Preheat dutch oven or stock pot over medium heat. When pot is hot, add oil and sauté the onion, carrot and celery for 6 minutes. Add garlic and ginger. Stir to combine and continue to cook for 2 minutes, being careful not to burn the garlic
Add the Roma tomatoes, Serrano chili, lentils and chicken stock. Stir and simmer covered for 30 minutes.
In a small bowl, combine cumin and mustard seeds. In another bowl, combine the spice powders. Have all of your spices ready because this will move quickly.
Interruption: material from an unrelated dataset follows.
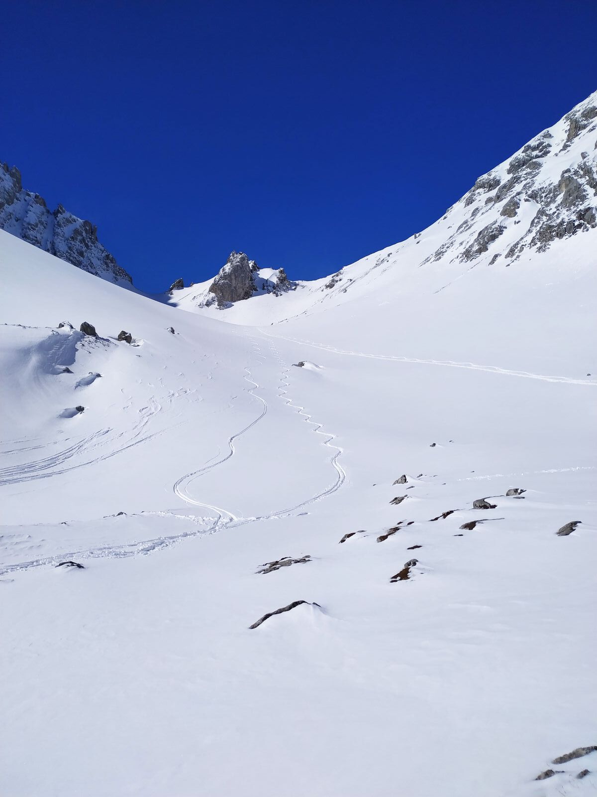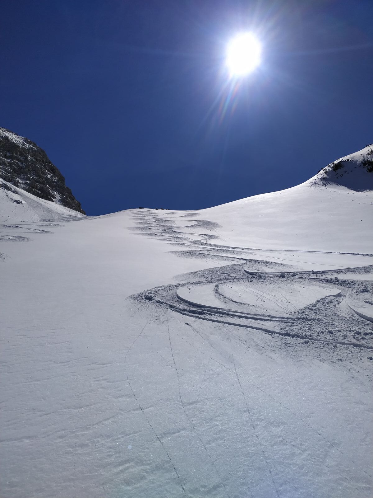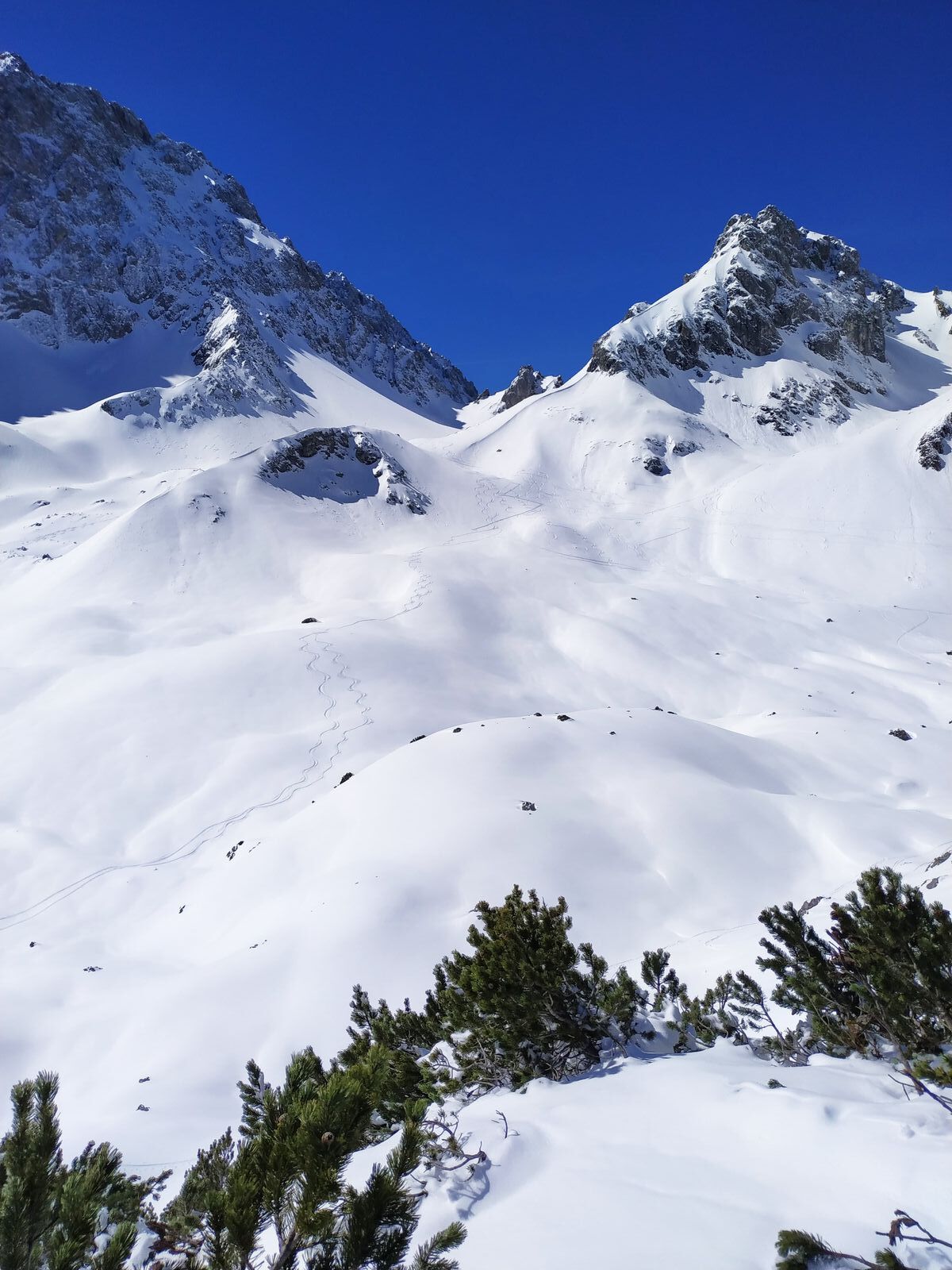 Gestern sehr gute Verhältnisse im Brendlkar. Marienberglifte zu, ergo nur knapp 10 Spuren vom Sonntag im Gebiet, gestern nur 6 Leute unterwegs.

In a sauté pan, heat oil over medium heat. Once oil is shimmering, add chiles, cumin and mustard seeds (be careful as this splatters in the hot oil ). Add turmeric and paprika spices. They should sizzle and bubble a little, that's the spices blooming, and it's exactly what you want. Do not burn them, cook 10 seconds tops as you shake the pan back and forth slightly. Pour into a dish and set aside.
Either keep the lentil soup chunky or use immersion blender (blending stick) or high speed blender to puree until smooth. Add cooked turkey to the lentils. Stir to incorporate and continue to cook another 10 minutes. Ladle into soup bowls and pour tadka over each.
Garnish with chopped cilantro and serve with warm khubz, barbari bread, or naan.
- The masoor dal (husked & split red lentils) can be substituted using arhar dal (husked & split pigeon pea lentils).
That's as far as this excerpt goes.